What you have to do:
Only the lines running from the line with "Салон, 2 спальни, прихожая, сан." to the end of the listing below should be copied, exactly, without pictures.

Given information:
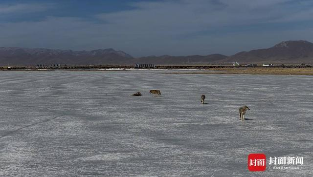 今年1月28日,有工作人员在巡护过程中,曾在封冻结冰的花湖面上,拍到有狼群活动。
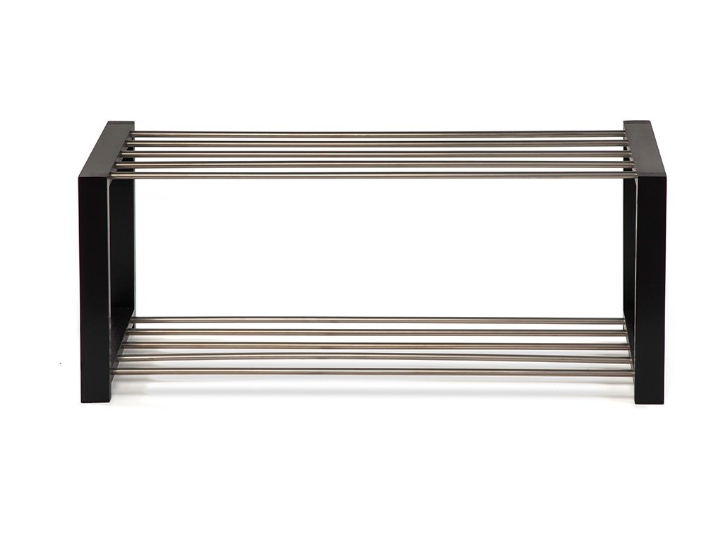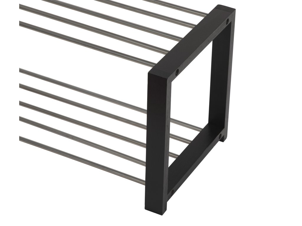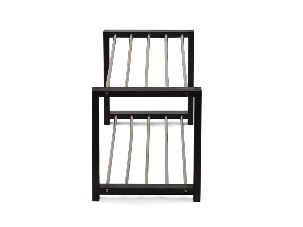 Botník s oceľovou konštrukciou v čiernej farbe a oceľovými tyčami v striebornej farbe.
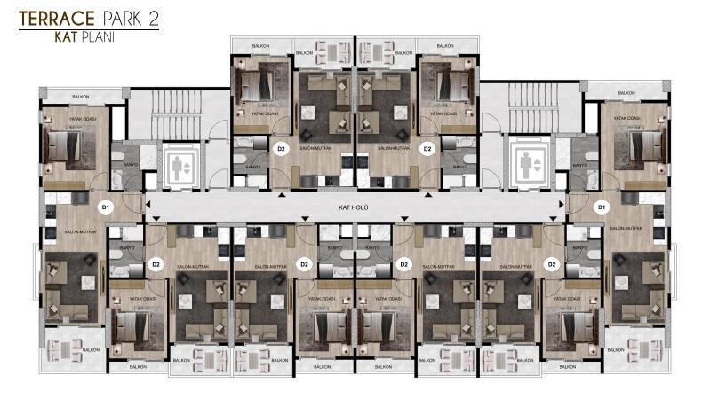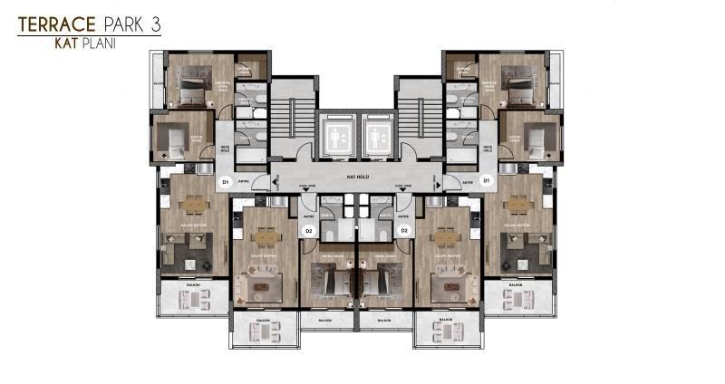 Салон, 2 спальни, прихожая, сан. узел, терраса, балкон
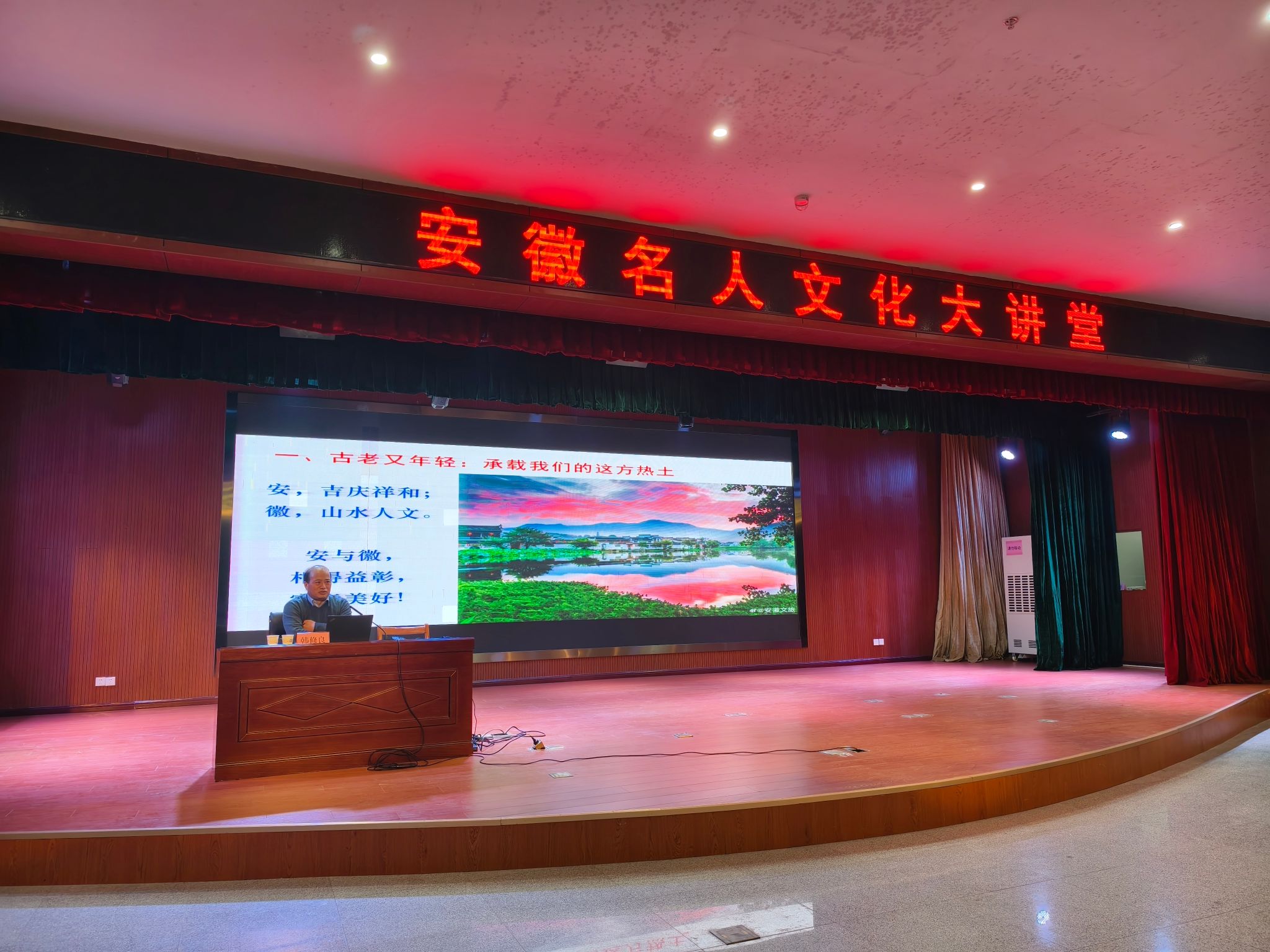 讲座从古老又年轻:承载我们的这方热土;勇敢善奉献:生活在热土上的人们;好学而上进:以“三地一区”谱写新篇;弘扬名人精神,建功伟大时代等四个方面,从古至今深入浅出系统讲解安徽名人历史文化故事,阐释安徽名人精神,提振人民自信心自豪感。

Exercise output:
 Салон, 2 спальни, прихожая, сан. узел, терраса, балкон
 讲座从古老又年轻:承载我们的这方热土;勇敢善奉献:生活在热土上的人们;好学而上进:以“三地一区”谱写新篇;弘扬名人精神,建功伟大时代等四个方面,从古至今深入浅出系统讲解安徽名人历史文化故事,阐释安徽名人精神,提振人民自信心自豪感。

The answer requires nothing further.